Almost no one believes the drug war has ever worked as originally intended; someone merely suggesting that (John Walters is a good example) risks being considered ridiculously out of touch. Indeed, few of the policy's most ardent defenders make such claims any more. Their arguments in favor of retaining it are increasingly defensive and lean heavily on necessity. For example “we know from the scourge of illegal drugs and the damage caused by alcohol and tobacco what terrible things would happen following legalization.” That such irrational claims still resonate with enough with the voting public to sustain a failing policy is, by itself, an indication of our national problem. It also tends to validate what has become my main thesis: humans weren't an existential threat to their own welfare until the discovery of empirical Science in Europe about five hundred years ago. The rapid success of Science, progressively compounded by the new technologies it produces, has allowed exploitation of “nature” in ways that were unpredictable just a few years before their appearance. A good example is how the Twentieth Century acceleration of both communication and transportation technology has helped reshape the global economy. The century also saw a four-fold increase in the Earth's human population despite two historically lethal “world” wars and the 1918 Influenza Pandemic.

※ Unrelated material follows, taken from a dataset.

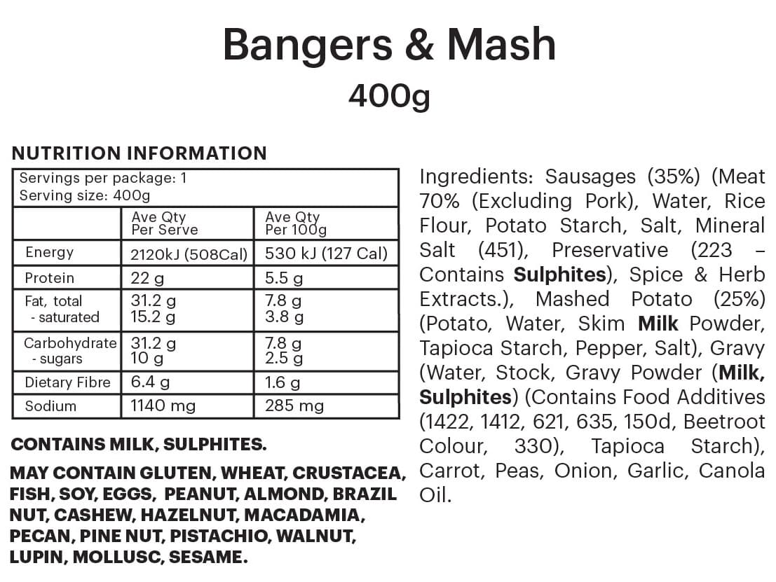 INDIVIDUAL SERVE | Two savoury sausages drizzled in homestyle gravy, served with fluffy potato mash, carrots and peas.

Even more ominously, the same scientific “progress” may have uncovered an evolutionary design flaw lurking within our otherwise marvelous brains. The window on history allowing that startling deduction has been the war on drugs. More specifically, it's been the failure of the federal government's “marijuana” policy as elucidated by a study of the policy's victims made possible after California passed Proposition 215 in 1996, thus marking the nation's first successful voter rebellion against a questionable policy. To a degree I still have difficulty believing, responses to the initiative by both proponents and opponents, have helped reveal the serious brain flaw alluded to above and previously described by neurologist Paul MacLean. I feel some sense of urgency in describing it as coherently as possible because I've also become aware of how much denial is abroad in the world. Also that our biggest problem is not the war on drugs, which is simply a convenient example of the problem.
There are multiple other more urgent and serious problems facing us. In the short term, the most dangerous may be the planet's dangerously swollen human population, driven by their unruly emotions into making making terrible decisions like 9/11, even as others cling angrily to an unsustainable status quo.